Fifth and finally, Primoratz gives us two extended applications of his theory. The first of these, the Allied bombing of German citizens in Hamburg and Dresden, is the less controversial of the two. The other, which deals with the Palestinian-Israeli conflict, will undoubtedly be more controversial in the eyes of many readers. Primoratz sees the Palestinians, the Zionists, and the state of Israel as engaging in terrorism and as being in the wrong. Many would dispute Primoratz's claim that Israel has "never faced an imminent threat of a moral disaster" (174), but even such disputes are worthwhile, for they focus attention on the genuinely important moral issues.

Primoratz has done an admirable job of delineating the conceptual and moral contours of terrorism in the twentieth century, yet the terrain depicted in this fine work is rapidly changing, changing in ways that will profoundly alter our perception of terrorism and the instruments of its harm. The twentieth century paradigm is still one of brute force, of maiming and torturing and killing, but the twenty-first century has ushered in a new dimension of warfare by remote control. At first this transformation will only occur within the armed forces of major nations, but it is already well underway. Some of my students who want to become naval aviators are being told by their commanders that this will likely be the last generation of human pilots, and already drone warplanes have successfully landed on carrier decks. DARPA's grand challenge for robotic cars insures that the military will have sophisticated driverless convoy trucks that can speed through the night without lights. Its latest challenge, the first round of which was in December 2013, is aimed at robotic soldiers. Star Wars seems less a fiction that it did even ten years ago. Many, presumably including Primoratz, find this asymmetry morally disturbing, and I hope in his future work Primoratz directs his attention to this issue.

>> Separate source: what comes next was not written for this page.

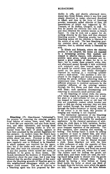Bleaching, ---. The Americana, 1903, 2 pages. Posted January 16, 2004. SAMPLE PAGE. File size 636 KB PDF
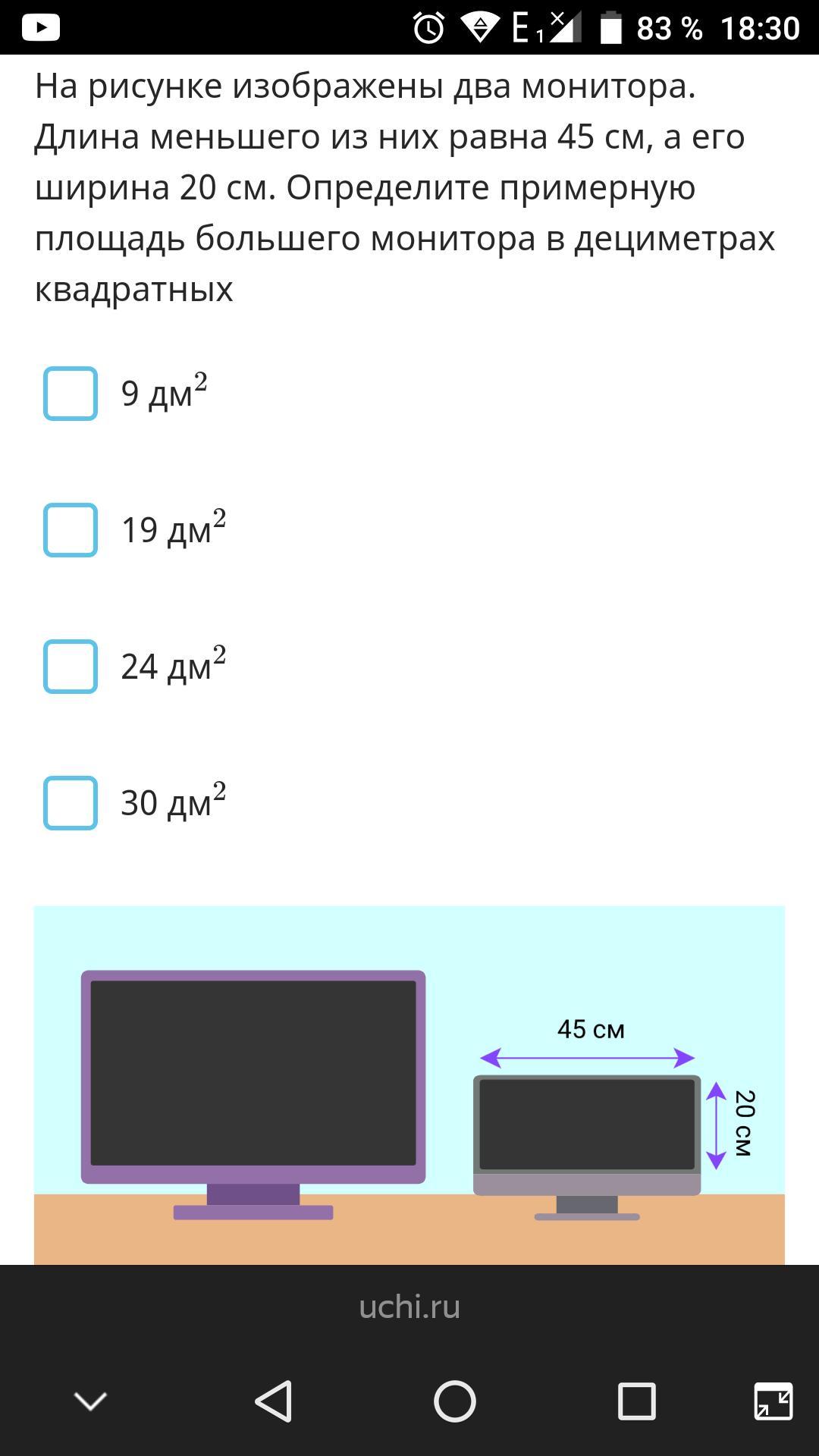 Из рисунка видно, что по ширине оба мониторы примено одинаковы, а длина большего составляет около 50 см, значит, площадь большего монитора составит от 8 до 12 дм2.

In the last decade, we have also seen a steady shift away from the traditional terrain of conflict -- the battlefield in wars, often the city in terrorist attacks -- toward conflict in or through the virtual world. No one is killed, at least directly, but many live under the constant threat of Bentham's Panopticon. The Snowden papers reveal a massive, multinational surveillance state capable of tracking the movements and even thoughts of everyday citizens. Yet this does not stop with mere surveillance, although -- if Foucault is right -- the adjective "mere" has no place here. From what little we can see, it appears that many nations -- including the United States -- are engaged in cyber attacks against other countries, and there is little doubt that these will escalate. It is not clear if these have escalated to terrorism yet, since often they do not target innocent victims in order to coerce a policy change, but such developments have a certain inevitability about them. The control of financial transactions has been a major instrument of American anti-terrorism and anti-drug policy, and it is easy to see the ways in which an individual can suddenly be cut off from access to money (suspending your ATM and charge cards), travel (with airport screening), and communication (with monitoring of voice as well as text traffic). The increasing emphasis on secrecy -- which seems simply to produce more leaks -- is matched by the unprecedented criminal prosecution of leaks by the Obama administration and its aggressive pursuit of Chelsea Manning, Julian Assange, and Edward Snowden. To be sure, this is not prosecution of the completely innocent, but one cannot help but wonder whether it is not also an attempt to "send a message" to all citizens that they, too, are in jeopardy. We are not there yet, thankfully, but there is little indication that we are going to change course and veer away from this destination. The telos, as it were, is a state that has total information awareness but which carefully guards its own internal works from outside scrutiny. Its method of choice will not be the guillotine but cyber isolation, rendering potentially threatening individuals and groups powerless, impotent to pursue their agenda. This may become the face of twenty-first century terrorism.